(DATA IN THIS EXERCISE begins)
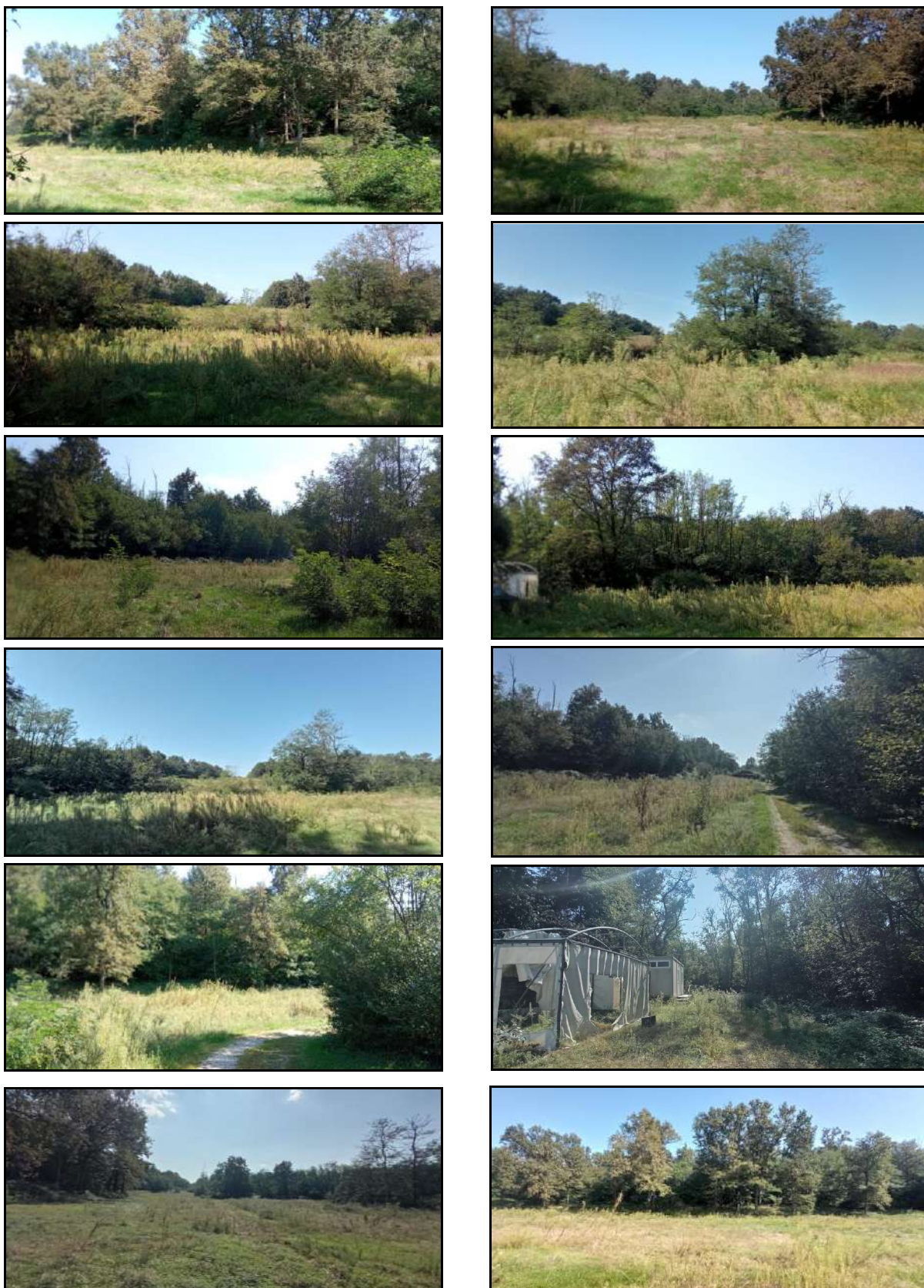
3 - Fotografie scattate nei diversi punti visuali della sotto-area A
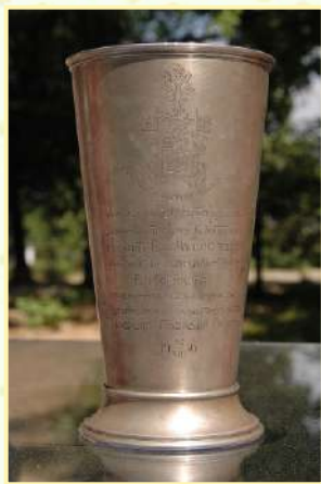
Кубок дореволюционного футбольного Севастополя. 1916 г.
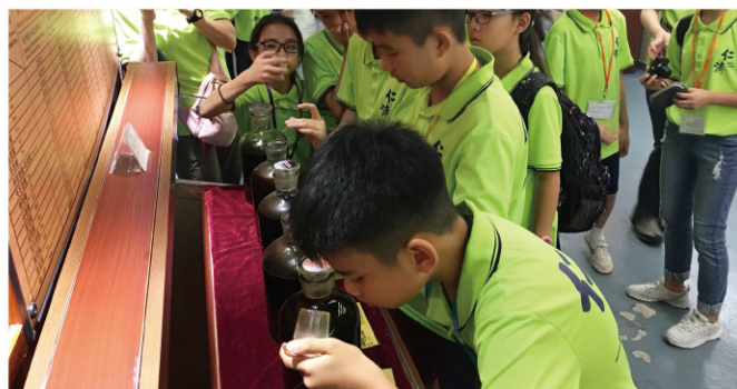
參觀古龍醬文化園，了解醬油的生產過程
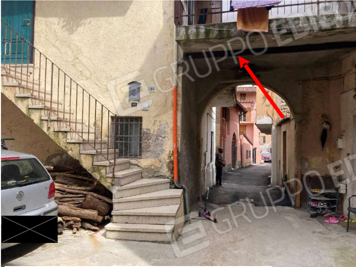
Figura 7: ex-legnaia, ora occupata in parte dal servizio igienico, in parte da balcone
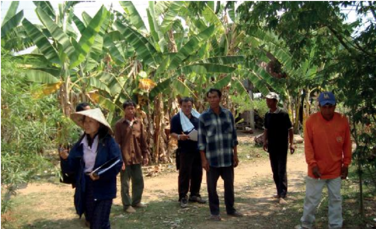
ការអង្កេតផ្ទាល់គឺសំខាន់ណាស់ និងចូលរួមគ្រប់ផ្នែកទាំងអស់នៃវគ្គបណ្តុះបណ្តាលការប៉ាន់ប្រមាណភាពងាយរងគ្រោះ និង សមត្ថភាព បទពិសោធន៍កាកបាទក្រហមឡាវ
(DATA IN THIS EXERCISE ends)
- PROBLEM TO WORK ON
Copy back, word for word, every line between the top of the material above and the line that contains "Figura 7: ex-legnaia, ora", both included, without any pictures.

- ANSWER SECTION
3 - Fotografie scattate nei diversi punti visuali della sotto-area A
Кубок дореволюционного футбольного Севастополя. 1916 г.
參觀古龍醬文化園，了解醬油的生產過程
Figura 7: ex-legnaia, ora occupata in parte dal servizio igienico, in parte da balcone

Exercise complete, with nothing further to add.